What Does the C Grade Mean?

Sandoval, New Mexico earns a C — air quality is fair, but not great. With a 5-year median AQI of 44, the city sees a meaningful number of "Moderate" days each year, when the EPA flags air as a concern for unusually sensitive people.

Sandoval, New Mexico's 5-year median AQI of 44 is 3 points above the national average of 41 — meaningfully more polluted than the typical U.S. metro tracked here. Within New Mexico, Sandoval, New Mexico runs more polluted than the state average of 34 — local sources or geography are concentrating pollution above the state's typical reading.

For context within New Mexico: Luna, New Mexico currently holds the state's cleanest grade (A, AQI 17), while Bernalillo, New Mexico sits at the bottom (D, AQI 59).

What's in Sandoval, New Mexico's Air?

The dominant pollutant in Sandoval, New Mexico is Ground-Level Ozone. Ground-level ozone forms when sunlight reacts with vehicle exhaust and industrial emissions. It is worst on hot, sunny, stagnant summer days. Ozone irritates the lungs, triggers asthma attacks, and reduces lung function — even healthy adults can feel chest tightness and shortness of breath after exercising in elevated ozone.

Days by Dominant Pollutant (2023)

PollutantDays as DominantShare of Year
Ground-Level Ozone340100%

Is the Air Getting Better or Worse?

Air quality in Sandoval, New Mexico has been getting worse over the past decade, with median AQI climbing by roughly 0.3 points per year. That bucks the national trend of broad improvement, and most often reflects either growing wildfire smoke exposure (particularly across the West) or rising local emissions from population and freight growth.

In 2014, Sandoval, New Mexico posted a median AQI of 41. By 2023 that figure was 44 — a rise of 3 AQI points dirtier across 10 years of EPA records.

Year-by-Year AQI in Sandoval, New Mexico

YearMedian AQIGood DaysUnhealthy DaysDominant Pollutant
2014412940Ozone
2015412930Ozone
2016422920Ozone
2017442691Ozone
20184522312Ozone
2019442750Ozone
2020442715Ozone
2021442713Ozone
2022432951Ozone
2023442700Ozone

Health Context for Sandoval, New Mexico

Across the past five years, this area has logged just 9 days where AQI rose into the "Unhealthy for Sensitive Groups" range or worse — about 2 days per year, or roughly one every other month. That is a low count by national standards.
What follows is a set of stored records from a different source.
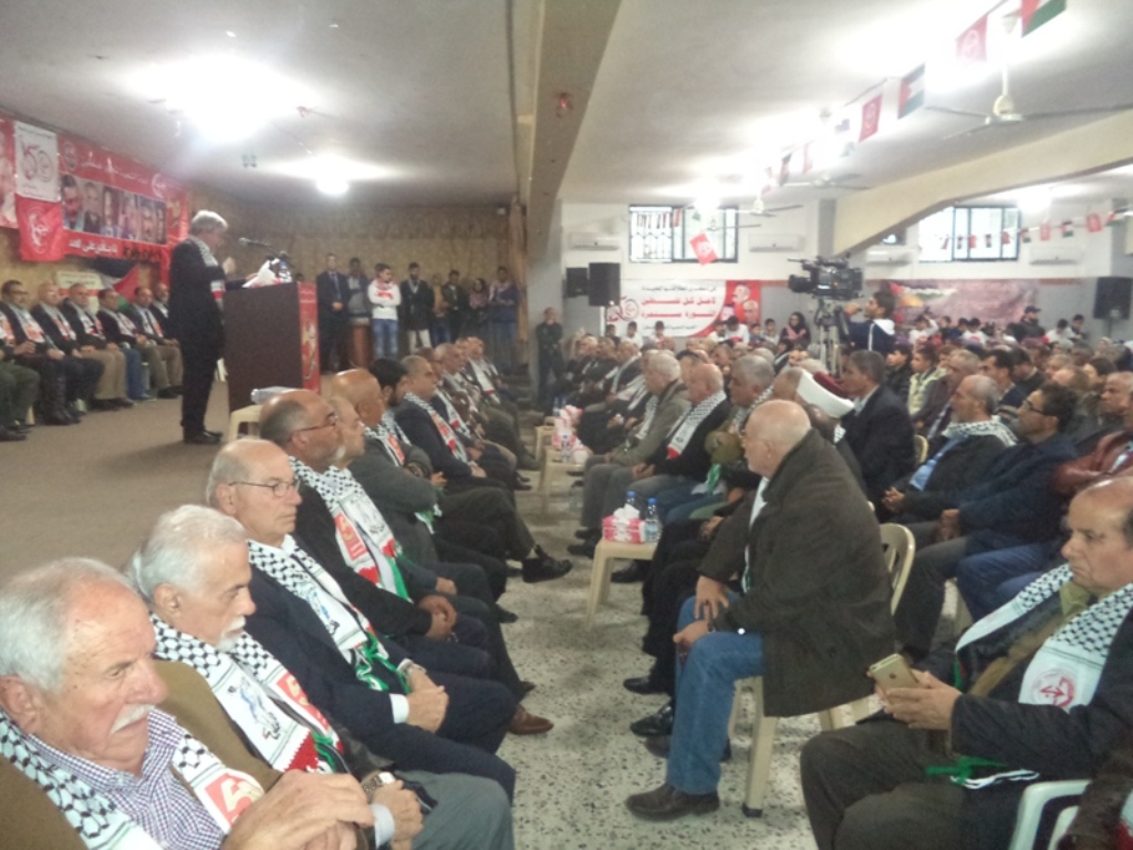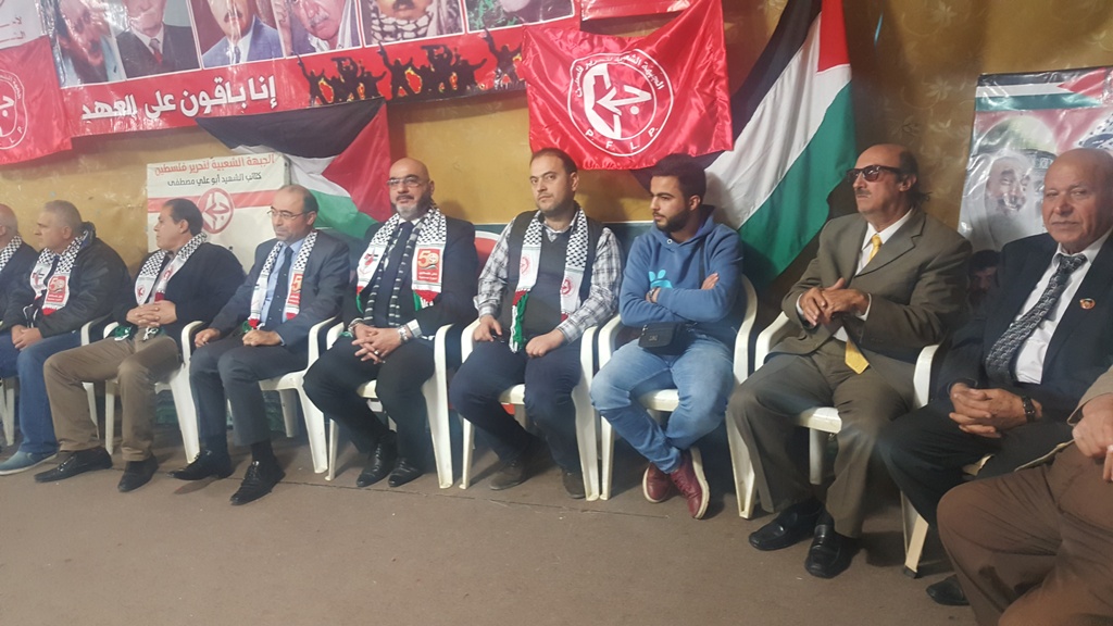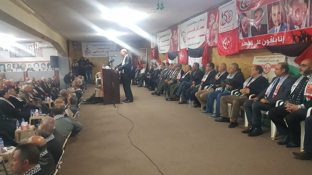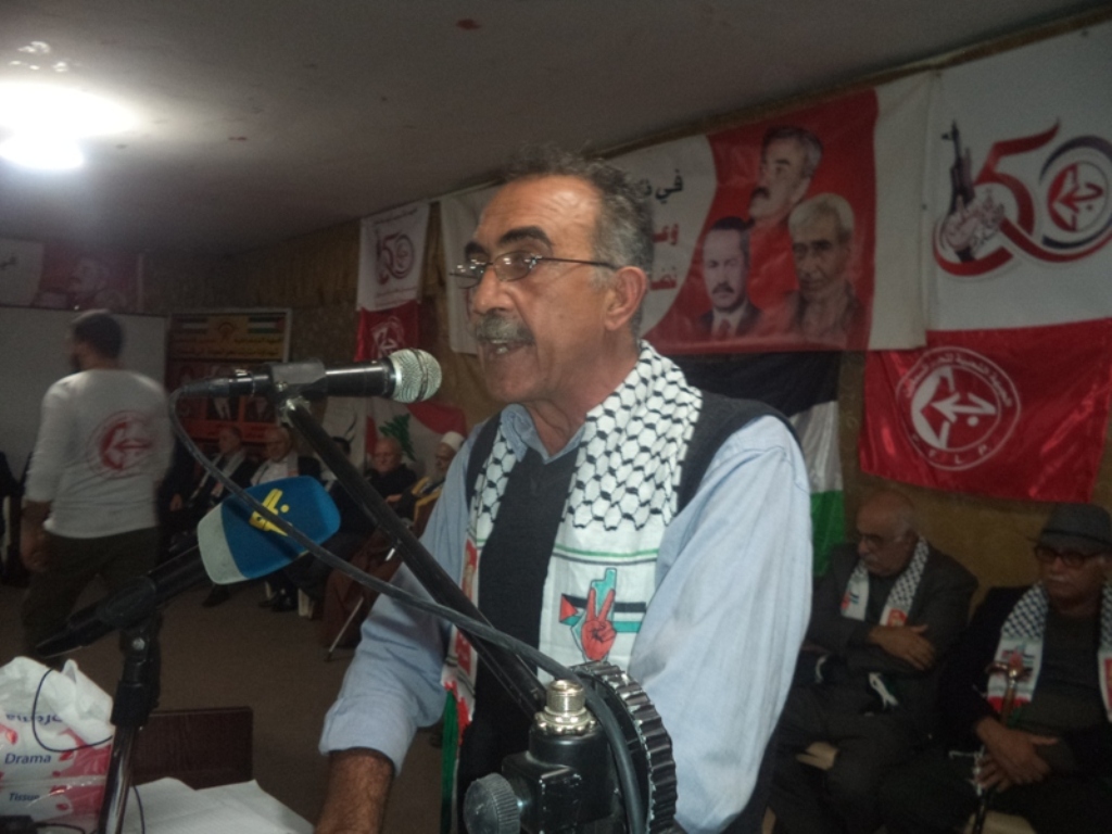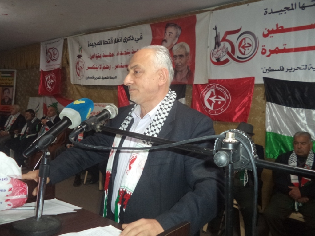 مشيرًا في كلامه إلى أن الخطر الصهيوني لا يمس فلسطين فحسب، بل يمس الأمة بأسرها، و ها هي الجماهير العربية خرجت بأغلبية العواصم العربية ، لتؤكد ارتباطها العميق والوثيق بالقضية الفلسطينية، على رغم تواطؤ النظام الرسمي العربي، لذلك لا بد من استعادة البعد العربي، والقومي للقضية الفلسطينة. كما أشار إلى أن الجبهة الشعبية ربطت ما بين التحرر و المضمون الاجتماعي، فالثورة حتى تنتصر، فهي تعتمد على أبناء المخيمات، على الفقراء، على الكادحين، والمسحوقين المرتبطين بالثورة، وأهداف الثورة حتى النهاية، لأنه أمام هذا الوضع الصعب يتضح أن هناك استحالة للوصول إلى حل سياسي مع هذا الكيان. وبعد قرار ترامب، نقول: إن أمريكا لم تعد وسيطًا نزيهًا ، وهي لم تكن في يوم من الأيام وسيطًا نزيهًا، مشيرا إلى أن الجبهة الشعبية تريد توحيد الصفوف، مؤكدًا على أن هذا الكيان الصهيوني، يقوم بالقضاء على الشعب الفلسطيني بأكمله، مشيرا إلى ضرورة ترميم البيت الفلسطيني، من خلال الإعلان الواضح والصريح بإلغاء اتفاقات أوسلو، وكل ما ترتب عنها من نتائج و مصاعب، وعلى السلطة أن تدفن اتفاق أوسلو الميت، وسحب الاعتراف بالكيان الصهيوني، والاعتراف بإسرائيل من قبل السلطة الفلسطينية، كما يجب على الشعب الفلسطيني أن يعمل على أساس انتفاضة فلسطينية جذرية، متواصلة، وتشكيل قيادة وطنية موحدة، انتفاضة من كافة الفصائل الفلسطينية من دون استثناء، وممارسة كل أشكال النضال حتى نوصل الكيان الصهيوني لقناعة أن استمرار احتلاله لأرضنا مكلف بشريا واقتصاديا، وأنه ليس أمامه إلا الرحيل، وإعادة الاعتبار لمنظمة التحرير الفلسطينية، وإعادة بناء مؤسساتها، وكل ما ينبثق عنها من أطر، لكي نستنهض طاقات 6.5 مليون فلسطيني في الشتات الذين يشعرون بأنه ليس لديهم مرجعية، ولا وجود لمن يحميهم، والعمل على عقد مجلس وطني شامل، بعيدا عن سطوة الاحتلال، وليس في رام الله، تشارك فيه كل القوى من دون استثناء، استعادة الوحدة الوطنية الفلسطينية الحقيقية، و ببرنامج يعيد الاعتبار لمعنى فلسطين من النهر إلى البحر، لا شرعية لهذا الكيان على أي بقعة من فلسطين.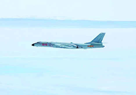 日本自卫队战机跟踪拍摄中国轰炸机经过宫古海峡。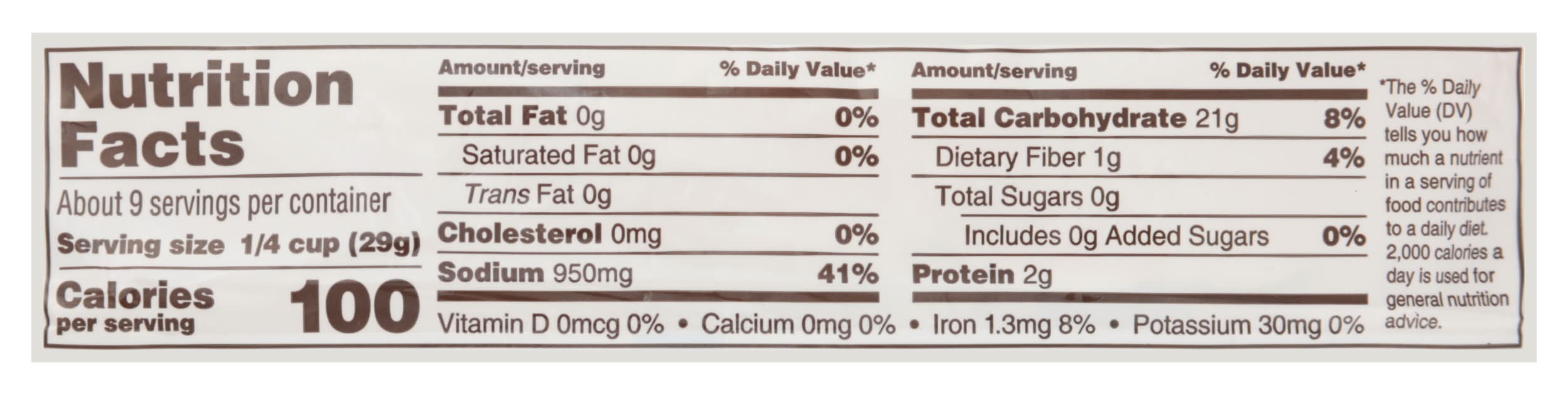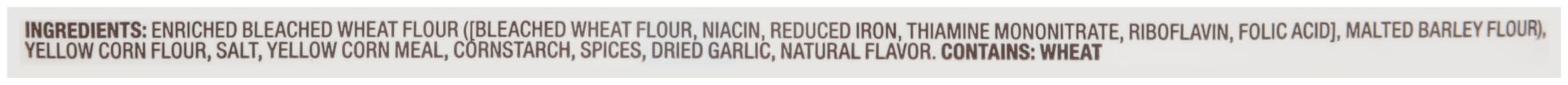 Ingredients: Enriched Bleached Wheat Flour ([Bleached Wheat Flour, Niacin, Reduced Iron, Thiamine Mononitrate, Riboflavin, Folic Acid), Malted Barley Flour), Yellow Corn Flour, Salt, Yellow Corn Meal, Cornstarch, Spices, Dried Garlic, Natural Flavor Contains: Wheat, Barley, Corn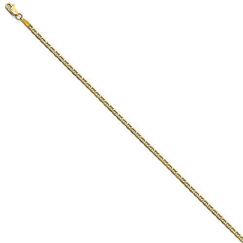 A nautical style design crafted to resemble the cable used to anchor ships, also known as the mariner chain, creates a simple innovative styled anklet. This 2.4mm width, 10-inch long 10k yellow gold chain features a solid link construction, a polished finish and a lobster-claw clasp that provides a secure, worry-free fit.Feature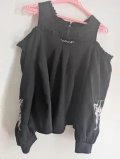 フリルと刺繍が特徴のホワイト長袖ブラウス。

Healthy adults can continue normal outdoor activity in most weather, but should pay attention to AQI alerts during the worst pollution windows. People with asthma, heart disease, or pregnancy should reduce prolonged or intense outdoor exertion on flagged days, and consider running an indoor HEPA air cleaner during peak season. Because ozone peaks in the afternoon on hot sunny days, plan outdoor exercise for early morning or after sunset on bad-air days.

How This Grade Is Calculated

The AirHistory Air Quality Grade combines four signals: the 5-year median AQI (40% of the score), the 10-year trend direction (30%), the count of unhealthy days per year (20%), and the dominant pollutant type (10%). All four come directly from the EPA Air Quality System (AQS), which aggregates readings from federally certified monitors. Read the full methodology.

Sandoval, New Mexico has an Air Quality Grade of C (fair) with a 5-year median AQI of 44. The dominant pollutant is Ground-Level Ozone, and air quality has been worsening over the past decade.

The data source behind this answer is the EPA Air Quality System (AQS). Every figure on the page traces back to that source; the methodology page describes the inputs and the refresh cadence in full detail.

For readers turning this answer into action: cross-reference against the underlying the EPA Air Quality System (AQS) record before acting on time-sensitive decisions. The site renders the data as it was published; subsequent revisions can shift the picture, and the live federal data is always the authoritative current reference.